[Opening Source records section]

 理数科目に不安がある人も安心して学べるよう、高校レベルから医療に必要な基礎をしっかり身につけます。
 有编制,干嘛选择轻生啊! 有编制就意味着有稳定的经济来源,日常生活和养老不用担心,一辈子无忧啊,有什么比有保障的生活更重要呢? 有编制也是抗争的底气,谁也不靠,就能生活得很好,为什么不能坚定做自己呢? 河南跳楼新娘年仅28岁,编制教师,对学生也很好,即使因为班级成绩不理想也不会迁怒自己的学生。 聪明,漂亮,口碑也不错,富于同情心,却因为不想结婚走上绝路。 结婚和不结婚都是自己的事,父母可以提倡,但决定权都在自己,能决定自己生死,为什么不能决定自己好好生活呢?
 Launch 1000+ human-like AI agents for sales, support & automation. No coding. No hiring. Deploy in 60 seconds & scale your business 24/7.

[Closing Source records section]
[Opening Source records section]

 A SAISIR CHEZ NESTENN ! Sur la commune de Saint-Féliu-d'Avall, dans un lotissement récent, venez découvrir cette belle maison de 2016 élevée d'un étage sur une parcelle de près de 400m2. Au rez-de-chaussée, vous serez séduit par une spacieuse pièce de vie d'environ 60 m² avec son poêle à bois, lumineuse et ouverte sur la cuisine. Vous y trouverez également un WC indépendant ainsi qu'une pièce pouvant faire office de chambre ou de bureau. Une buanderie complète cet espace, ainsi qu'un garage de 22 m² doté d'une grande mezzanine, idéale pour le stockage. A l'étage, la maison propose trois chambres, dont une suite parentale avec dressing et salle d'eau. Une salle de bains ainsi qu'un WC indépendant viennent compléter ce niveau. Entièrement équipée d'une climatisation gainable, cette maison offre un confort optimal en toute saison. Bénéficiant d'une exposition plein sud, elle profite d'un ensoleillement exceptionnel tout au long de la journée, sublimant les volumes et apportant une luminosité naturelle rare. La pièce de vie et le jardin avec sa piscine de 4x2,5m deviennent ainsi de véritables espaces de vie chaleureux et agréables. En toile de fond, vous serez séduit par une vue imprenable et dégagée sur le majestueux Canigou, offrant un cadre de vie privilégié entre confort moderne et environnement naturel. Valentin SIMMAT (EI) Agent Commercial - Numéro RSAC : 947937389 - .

[Closing Source records section]
[Opening Source records section]

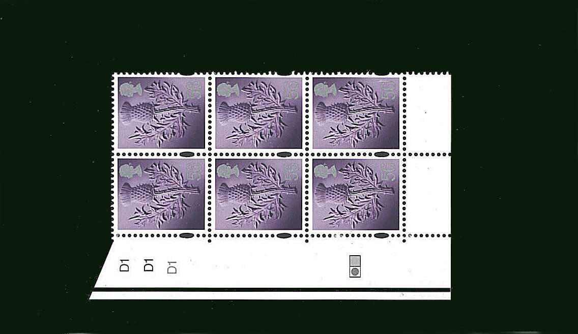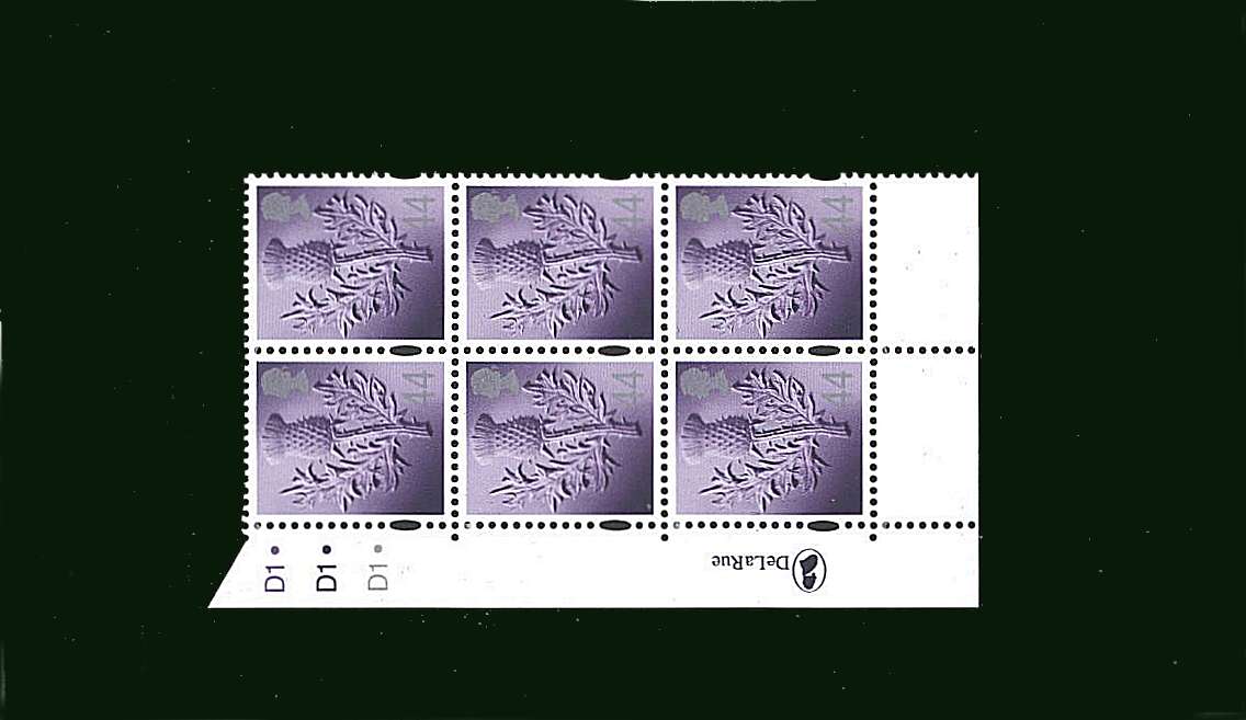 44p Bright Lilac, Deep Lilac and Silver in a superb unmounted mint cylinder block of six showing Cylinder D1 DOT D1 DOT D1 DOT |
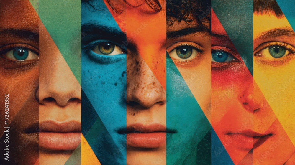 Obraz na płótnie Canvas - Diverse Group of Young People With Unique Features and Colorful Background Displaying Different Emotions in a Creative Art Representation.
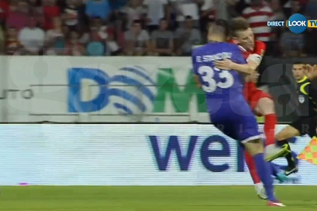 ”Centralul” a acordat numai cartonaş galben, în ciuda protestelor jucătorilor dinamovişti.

[Closing Source records section]

| How to complete this task |
Above are the records; copy exactly the lines from the line with "理数科目に不安がある人も安心" through the line with "Launch 1000+ human-like", both included.

| Reply |
 理数科目に不安がある人も安心して学べるよう、高校レベルから医療に必要な基礎をしっかり身につけます。
 有编制,干嘛选择轻生啊! 有编制就意味着有稳定的经济来源,日常生活和养老不用担心,一辈子无忧啊,有什么比有保障的生活更重要呢? 有编制也是抗争的底气,谁也不靠,就能生活得很好,为什么不能坚定做自己呢? 河南跳楼新娘年仅28岁,编制教师,对学生也很好,即使因为班级成绩不理想也不会迁怒自己的学生。 聪明,漂亮,口碑也不错,富于同情心,却因为不想结婚走上绝路。 结婚和不结婚都是自己的事,父母可以提倡,但决定权都在自己,能决定自己生死,为什么不能决定自己好好生活呢?
 Launch 1000+ human-like AI agents for sales, support & automation. No coding. No hiring. Deploy in 60 seconds & scale your business 24/7.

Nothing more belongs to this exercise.